3. You do not meet the prerequisites for the job

If the job requires 100 hours of previous work on UpWork and you only have 10, there is a chance your proposal will be filtered from the client’s view. Even if they do see your proposal, the prerequisites that are not met will be highlighted. If they are too off, the client will likely move on without even reading your proposal.

4. Your proposals are generic and not tailored to the job requirements

Every one of your proposals should uniquely address the client’s problems and job requirements. It will definitely make you stand out, because most freelancers are spamming generic proposals.

5. The job is old

It is best to strike when the iron is hot. Try to apply for jobs that are 48 hours old or less. I find clients are much less likely to respond when their job is older than two days.
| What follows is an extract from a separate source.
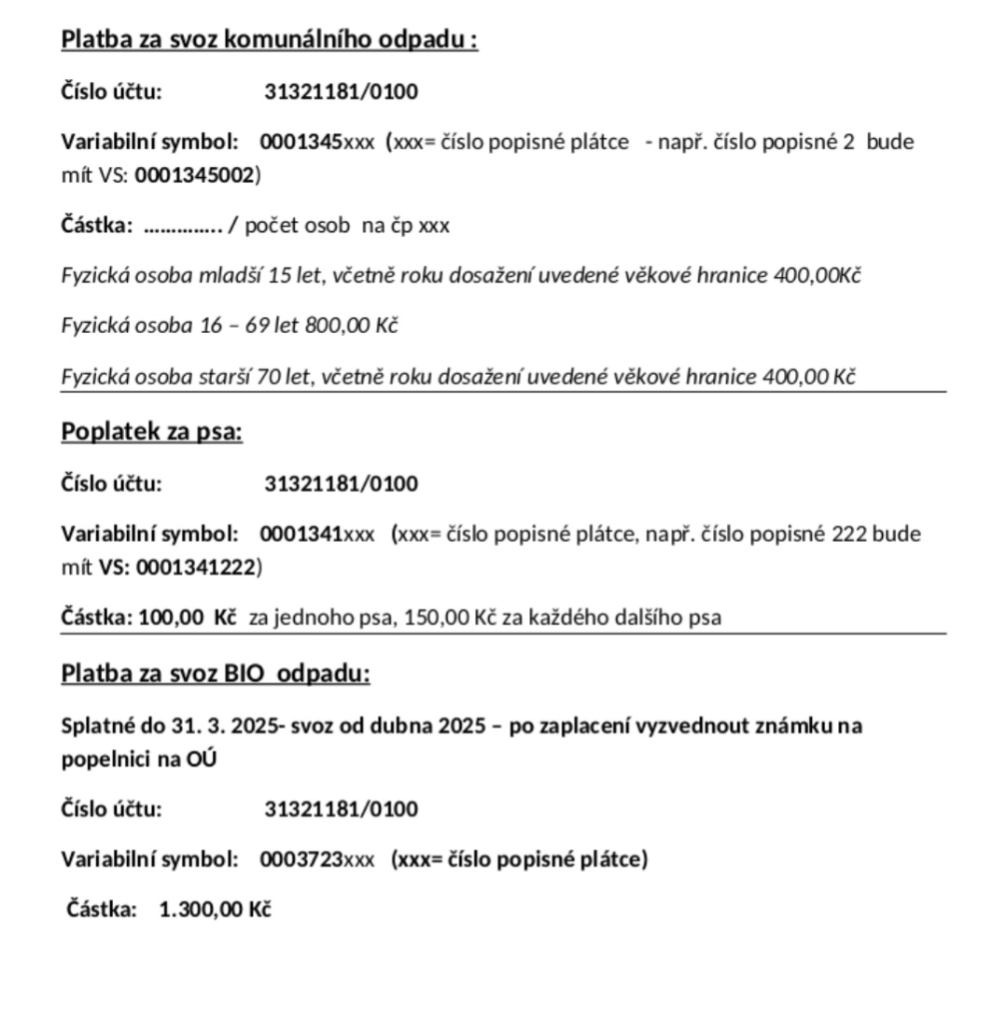 poplatky za svoz komunálního odpadu, BIO a poplatky za psy plaťte prosím bezhotovostně dle pokynů v příloze, příp. můžete zaplatit hotově na OÚ každé pondělí od 17 – 19h, nová známka na popelnici je nutná od února.

6. Your hourly rate is too high

This is not necessarily something to fix. I recommend new freelance developers in the US market start at $30 per hour. That may be too high for some clients. But don’t lower your rate. Clients that are looking for an absolute bargain are likely to be problematic.

7. Your reviews are unrelated to the job at hand

Clients are looking for an expert. If they need a Django developer, then they want to hire the developer that has worked on 20 Django projects. So if your reviews are all based around WordPress and you are applying for a Angular job, expect you may not get it. That’s why it is extremely important to stay in a niche.